Disgraced former U.S. Army Sgt. Bowe Bergdahl, who abandoned his fellow soldiers on an Afghan battlefield in 2009, beat the rap last week by coming away from his court-martial with no additional jail time. Although he was reduced in rank and dishonorably discharged from the Army, he walked out of a military court as a free man.
President Trump called Bergdahl’s light sentence “a complete and total disgrace,” and I agree because he dishonored the uniform he wore and put the lives of his comrades in arms in jeopardy. Military prosecutors had recommended a 14-year prison sentence, which would’ve been a more appropriate punishment for a deserter who tried to depict himself as a victim. At one point he actually said the Taliban treated him better than the Army did despite his accusations of torture.
Victimhood is a recurring theme in civilian and military courts these days as criminal defendants claim to be victims. So think of Bergdahl, Bill Cosby, Harvey Weinstein and Kevin Spacey as victims. Different crimes, same excuse. The devil made them do it.
Bergdahl claimed he walked off his dangerous remote post in Afghanistan because he was concerned about his command’s leadership. Of course that’s not how honorable, patriotic soldiers express their concerns; they take their complaints up the chain of command. If your immediate commander won’t listen, you go to the next higher level.
Bergdahl’s apologists say he was held by the Taliban in “brutal conditions” for five years before being released in a 2014 prisoner swap engineered by former President Obama, who traded Bergdahl for five senior Taliban fighters. That dubious decision led to a highly inappropriate and embarrassing Rose Garden ceremony in which Obama welcomed Bergdahl’s parents to the White House. That’s where Bergdahl’s heavily bearded father proceeded to speak Pashtun, the language of the Taliban, in one of the more awkward moments of Obama’s presidency.
Obama’s national security adviser, Susan Rice, made the situation even worse by telling the media Bergdahl had served with “honor and distinction.” But that’s not what Army prosecutors thought when they charged the disgraced soldier with desertion and “misbehavior before the enemy,” a serious felony comparable to treason that carries a possible life sentence.

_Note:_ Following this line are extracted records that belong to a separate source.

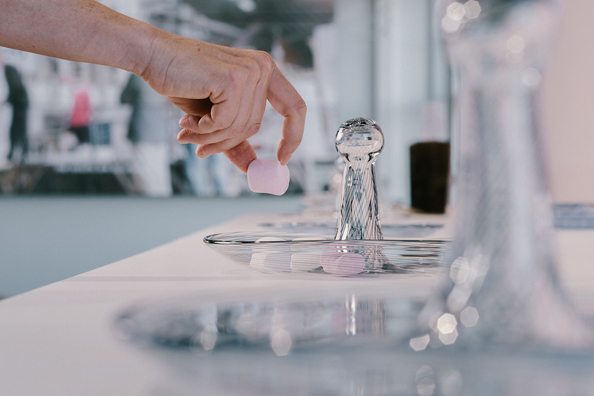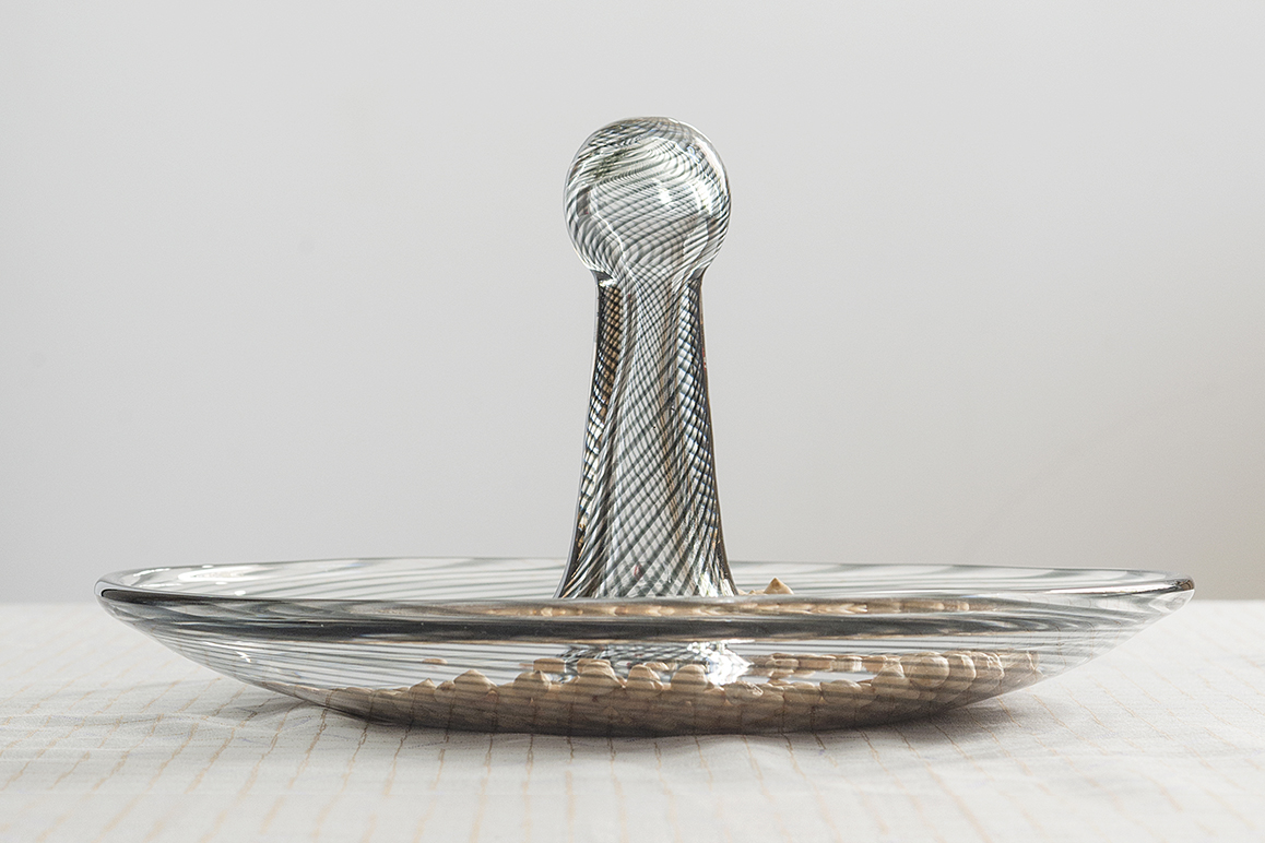 Deux pièces sont proposées avec cette technique historique. Une coupelle à poignée centrale, qui renferme un monde miniature de fligranes entralacées, permet de la déplacer aisément. Elle existe en filigrane noir ou en filigrane à rayures alternées bleues et noires. Ce rythme bicolore est appliqué à la grande assiette à l’exceptionnel diamètre de 48 cm. Elle est divisée en deux concavités concentriques, pour distinguer ce qu’on y présente: noix et pommes, chocolat et guimauve, ou bagues et colliers… Ces pièces exceptionnelles sont soufflées en Finlande par les maîtres verrier de la Glass Factory d’Iittala.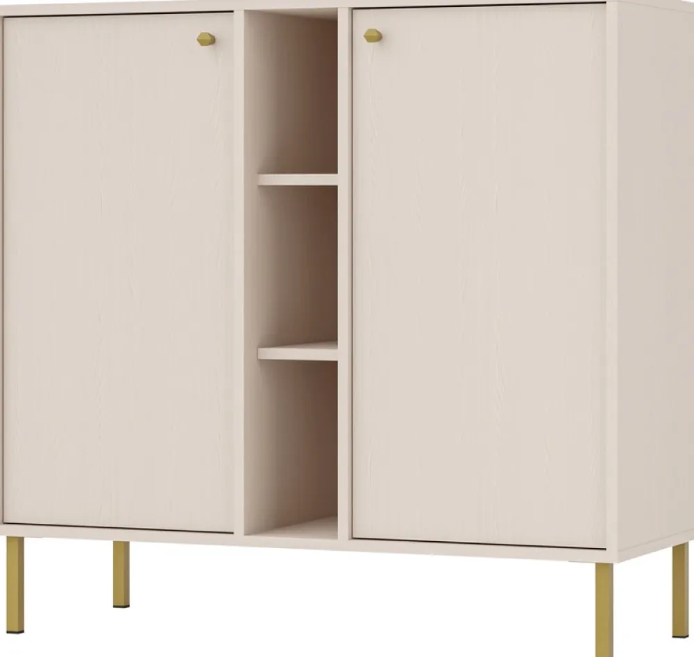 Komoda została zaprojektowana z myślą o maksymalnym wykorzystaniu przestrzeni. Składa się z dwojga drzwi, za którymi znajdują się pojemne półki, idealne do przechowywania wszelkiego rodzaju przedmiotów, od książek po dekoracje. Pomiędzy drzwiami znajduje się otwarta przegroda z dwiema półkami, która nie tylko dodaje uroku, ale także pozwala na wyeksponowanie ulubionych ozdób czy sprzętu RTV.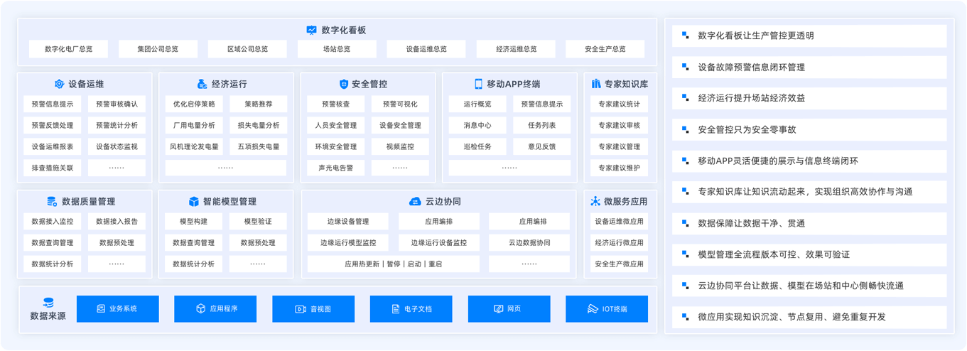 以“安全高效生產(chǎn)”為核心,以數(shù)字化為手段,穿透新能源電廠生產(chǎn)數(shù)據(jù),透視“人、機(jī)、料、法、環(huán)”與生產(chǎn)業(yè)務(wù)關(guān)系,實(shí)現(xiàn)設(shè)備高效運(yùn)維、降低運(yùn)營成本、強(qiáng)化安全風(fēng)險管控,提高企業(yè)在電力市場中的競爭力。該方案已在多家電力龍頭企業(yè)落地應(yīng)用,總計接入風(fēng)電機(jī)組4萬余臺,光伏場站500余個,總裝機(jī)容量超過150GW。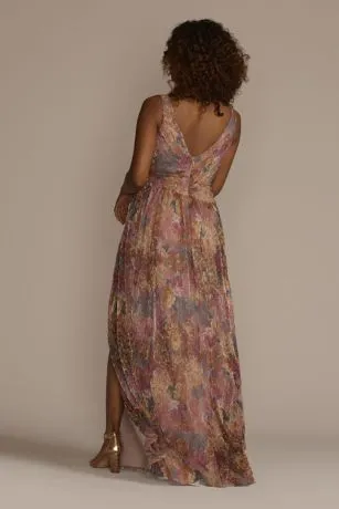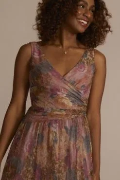 Colorful florals bloom on shiny metallic fabric, making this A-line dress an outdoor occasion must-have. Draping near the waist highlights your natural curve to create an enviable silhouette. Double the shine with your favorite accessories!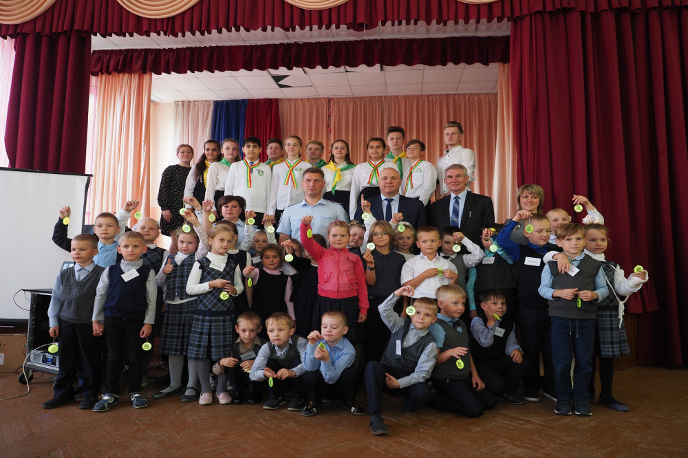 Поздравить ребят с началом учебного года приехали начальник ОГИБДД ОМВД России по Кстовскому району подполковник полиции Дмитрий Воронин и заместитель генерального директора по связям с общественностью ООО "ЛУКОЙЛ-Нижегороднефтеоргсинтез" Антон Гребень. Они пожелали ребятам безопасных дорог и грамотного соблюдения правил дорожного движения, особенно – в темное осеннее время. Затем юным пешеходам были вручены светоотражающие брелоки - всего их было подарено 110 штук.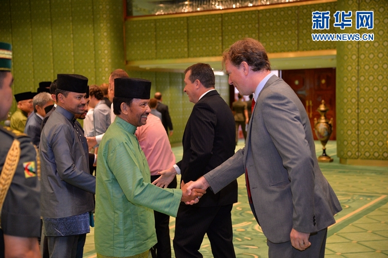 文萊蘇丹哈桑納爾·博爾基亞16日在努洛伊曼王宮與一名外國駐文萊外交官握手致意。新華網(wǎng)發(fā) 杰弗里·黃攝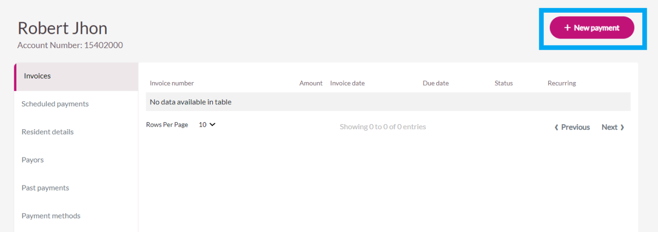 Step 2: Click “New Payment” in the upper right-hand corner of the page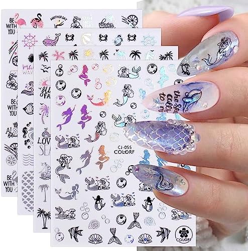 Summer nails « 9 Feuilles Stickers d’Ongles Requin JMEOWIO – Nail Art Tropical pour Été et Plage »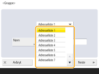 Flere destinasjoner som er registrert i adresseboken (Registrere mottakere i adresseboken), kan kombineres til en gruppe. Du kan bruke denne funksjonen til å sende dokumenter og sikkerhetskopiere data samtidig, fordi forskjellige typer destinasjoner kan registreres i samme gruppe. Du kan for eksempel registrere e-postadresser og IP-adresser for filserveren sammen i en gruppe.
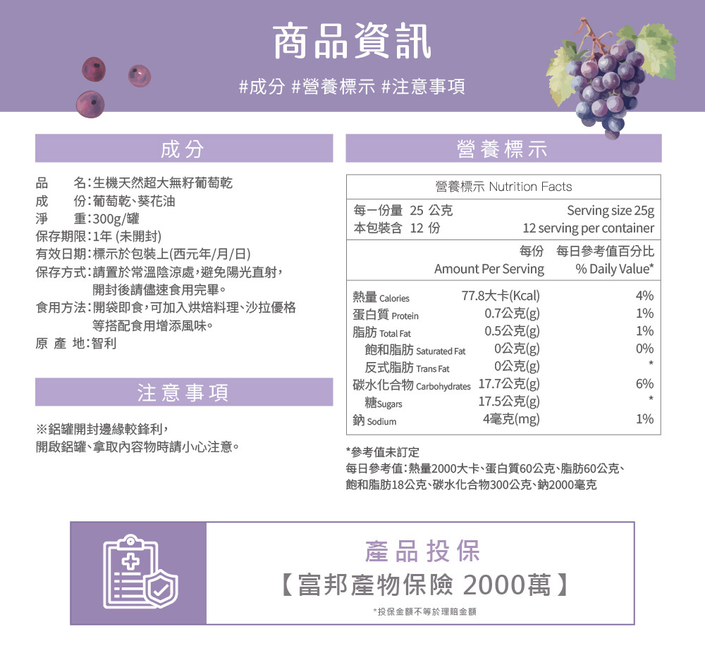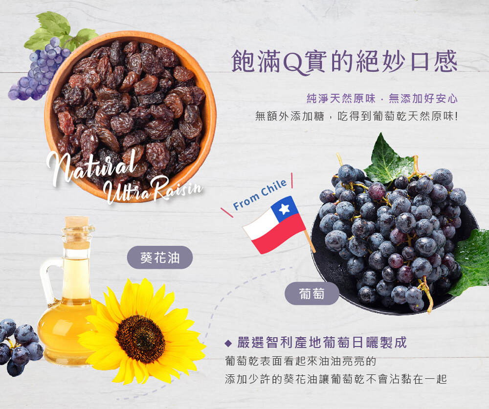 3.商品內容(產地):葡萄乾(智利)、葵花油

According to the Army, Bergdahl’s desertion led to a desperate manhunt that risked soldiers’ lives and resulted in at least three serious injuries. A rocket-propelled grenade shattered former Cpl. Jonathan Morita’s right hand during an intensive search for the deserter. Despite the military’s “no soldier left behind” policy, Bergdahl left his comrades behind when he walked off his assigned post.
An outspoken retired Army officer, Lt. Col. Ralph Peters, spoke for me when he asked how “a confessed deserter whose actions brought our Afghan campaign to a halt and led to the acknowledged wounding and alleged deaths of his comrades, can walk out of a military courtroom as a free man.” Good question. “Political correctness has infected our military even more profoundly than many of us long feared,” Peters added. “Successive administrations have used our armed forces as a laboratory for social transformation.” Amen!
I know I’m not alone in expressing concern our top military commanders are paying too much attention to transgender bathrooms and not enough attention to war-fighting capabilities and other priority issues like combat readiness and ship navigation, given the Navy’s recent ship collisions at sea.
Convicted deserter Bowe Bergdahl should be shunned by the military and polite society.
Perhaps he and his father can get together and speak Pashtun to one another while watching ISIS propaganda videos.
Guy W. Farmer is a retired diplomat and U.S. Air Force veteran.